Regina sat down on the edge of a chair, gestured to another. I sat.
“I can’t sleep at night,” she said. “All night I think about Amahl Washington and how fast they buried him-they didn’t bury him, they cremated him before anybody could say good-bye. Then they held this big fancy funeral over to the Abyssinian. It wasn’t Amahl’s church. Why? I have asked myself over and over, and I can’t make no sense of it.”
“Who was in charge?”
“What do you mean?”
“Who organized his funeral?”
“He didn’t have much real family, just the one niece from out of town, from up near Buffalo. He had a lot of friends and associates, so first I think to myself maybe this funeral been organized by somebody from his basketball days, or from his time on the City Council. But at the church I notice it’s Carver Lennox running things. He gives the eulogy.”
“What’s happened to the apartment?”
“Do you want to see it?”
“Yes”
“It’s on the ninth floor. Come on.”
Amahl Washington’s apartment sounded empty, that strange, faint noise a vacant place makes, when all you hear is the refrigerator and the heat.
“They changed the locks on Amahl’s apartment after he died,” Regina said. “But I kept a key to this here back door. Some of these apartments have a back door that leads into the kitchen. Nobody uses them much anymore. They were for folk who did the cooking and washing,” she said, “I was counting on them forgetting about the back door, you know?”

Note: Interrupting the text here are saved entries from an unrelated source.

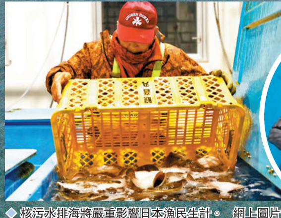
核污水排海將嚴重影響日本漁民生計。

香港文匯報訊 日本當局無視國內外強烈反對聲音，一意孤行準備把福島第一核電站的核污水排放入海。據東京電力公司表示，東電前日已開始將海水注入排放隧道，準備稀釋核污水，據報預計最快下月便啟動排放。然而東電前日發表報告，指出在福島第一核電站港灣捕獲的海魚體內，發現的放射性元素含量，是日本食品衛生法規定標準的180倍。
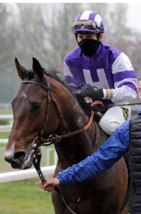
Bei den Buchmachern ist Sun of Gold der aktuelle Derby-Favorit.

1.550 Euro wurden am Montag von den Konten der Besitzer von 74 Pferden abgebucht, die diesen die Startberechtigung für das IDEE 152. Deutsche Derby (Gr. I) – der Namensgeber wurde offiziell erstmals genannt – erhalten haben. Das ist eine Handvoll mehr an Engagements als im vergangenen Jahr und wird vom Hamburger Renn-Club gewiss nicht ungern gesehen, es kommt damit Geld in die Kasse. Doch jetzt ist erstmals einige Wochen Pause mit den Streichungsterminen, denn der nächste und damit auch letzte steht erst am 28. Juni an, sechs Tage vor dem Rennen.
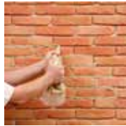
2 - Je réalise les joints
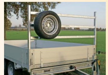
Reserverad mit Halter (Option)
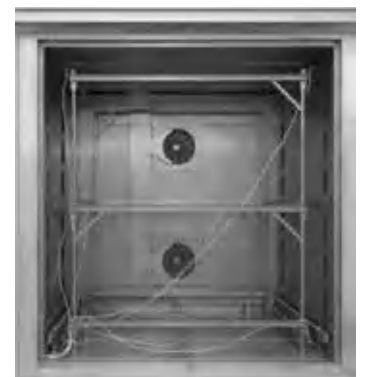
Съемная мерная стойка для конвекционной камерной печи N 7920/45 HAS

Regina led me from room to room. The place was immaculate. It had been cleaned up and cleaned out, the floor polished, the paint fresh.
“This looks like somebody fixed it all up,” I said.
“That’s what I wanted to show you. Somebody who’s thinking of selling you’d say.”
“Right.”
“So I called that niece of Amahl’s that lives upstate, and she didn’t know much, they weren’t close, but she told me the will was still in, what do you call it-probate?-and ain’t nothing can be done until that’s fixed.”
“Does she know this apartment has been cleaned out?”
“Sure. I told her. She said that was fine, Carver Lennox told her he was getting ready to sell it and he was a big help to her. He took care of everything.”
“She’s going to sell it to him?”
“She says she don’t know, it’s not clear who this place belongs to, seeing as Amahl didn’t specify nobody in his will, he just went too fast to do it, so it’s all in a kind of mess. But I’m sure Carver has his eye on it.”
“You think Mr. Washington meant you to have it?”
“Could be,” she said. “I’d rather have him alive, tell the truth.”
“Anything else?”
Regina led me back to the kitchen and through the back door, into the hall near the back stairs. Right then I heard something; so did she. Somebody was coming toward us, along the hall. I could hear him talking on his cell phone. Fear crossed Regina’s face.
“Go home,” I said. “Just walk to the elevator like nothing happened, just go on. He won’t hurt you. I’ll be right here. I’ll wait.”
“I’m scared of that man,” she said, as Lennox got closer, his voice louder.
“It will be fine. Go on.”
“Too many old folk dying in this building,” said Regina. “I don’t want to die.”